*Data excerpts*:

------------------------------------------------

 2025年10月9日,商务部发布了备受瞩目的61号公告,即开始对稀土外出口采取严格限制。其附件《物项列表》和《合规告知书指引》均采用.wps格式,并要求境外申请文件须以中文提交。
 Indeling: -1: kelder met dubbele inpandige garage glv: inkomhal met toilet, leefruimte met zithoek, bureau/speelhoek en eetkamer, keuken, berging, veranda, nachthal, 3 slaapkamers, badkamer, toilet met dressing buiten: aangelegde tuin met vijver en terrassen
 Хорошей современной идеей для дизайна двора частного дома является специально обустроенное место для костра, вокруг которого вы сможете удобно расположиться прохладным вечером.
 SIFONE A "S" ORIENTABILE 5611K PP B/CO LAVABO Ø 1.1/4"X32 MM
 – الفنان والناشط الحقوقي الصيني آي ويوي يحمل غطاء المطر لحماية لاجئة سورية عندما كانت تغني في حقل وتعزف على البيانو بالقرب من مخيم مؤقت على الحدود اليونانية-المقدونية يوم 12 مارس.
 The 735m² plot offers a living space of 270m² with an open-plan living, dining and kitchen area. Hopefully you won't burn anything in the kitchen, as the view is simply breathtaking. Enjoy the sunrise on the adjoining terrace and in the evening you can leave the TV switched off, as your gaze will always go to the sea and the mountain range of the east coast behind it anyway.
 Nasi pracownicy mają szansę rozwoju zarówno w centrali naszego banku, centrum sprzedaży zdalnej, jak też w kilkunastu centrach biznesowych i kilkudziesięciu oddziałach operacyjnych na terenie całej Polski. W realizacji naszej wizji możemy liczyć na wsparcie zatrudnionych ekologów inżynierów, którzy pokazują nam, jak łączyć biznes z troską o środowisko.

------------------------------------------------

*What to work on*: Give the records above again, word for word.

*Output of the exercise*:
 2025年10月9日,商务部发布了备受瞩目的61号公告,即开始对稀土外出口采取严格限制。其附件《物项列表》和《合规告知书指引》均采用.wps格式,并要求境外申请文件须以中文提交。
 Indeling: -1: kelder met dubbele inpandige garage glv: inkomhal met toilet, leefruimte met zithoek, bureau/speelhoek en eetkamer, keuken, berging, veranda, nachthal, 3 slaapkamers, badkamer, toilet met dressing buiten: aangelegde tuin met vijver en terrassen
 Хорошей современной идеей для дизайна двора частного дома является специально обустроенное место для костра, вокруг которого вы сможете удобно расположиться прохладным вечером.
 SIFONE A "S" ORIENTABILE 5611K PP B/CO LAVABO Ø 1.1/4"X32 MM
 – الفنان والناشط الحقوقي الصيني آي ويوي يحمل غطاء المطر لحماية لاجئة سورية عندما كانت تغني في حقل وتعزف على البيانو بالقرب من مخيم مؤقت على الحدود اليونانية-المقدونية يوم 12 مارس.
 The 735m² plot offers a living space of 270m² with an open-plan living, dining and kitchen area. Hopefully you won't burn anything in the kitchen, as the view is simply breathtaking. Enjoy the sunrise on the adjoining terrace and in the evening you can leave the TV switched off, as your gaze will always go to the sea and the mountain range of the east coast behind it anyway.
 Nasi pracownicy mają szansę rozwoju zarówno w centrali naszego banku, centrum sprzedaży zdalnej, jak też w kilkunastu centrach biznesowych i kilkudziesięciu oddziałach operacyjnych na terenie całej Polski. W realizacji naszej wizji możemy liczyć na wsparcie zatrudnionych ekologów inżynierów, którzy pokazują nam, jak łączyć biznes z troską o środowisko.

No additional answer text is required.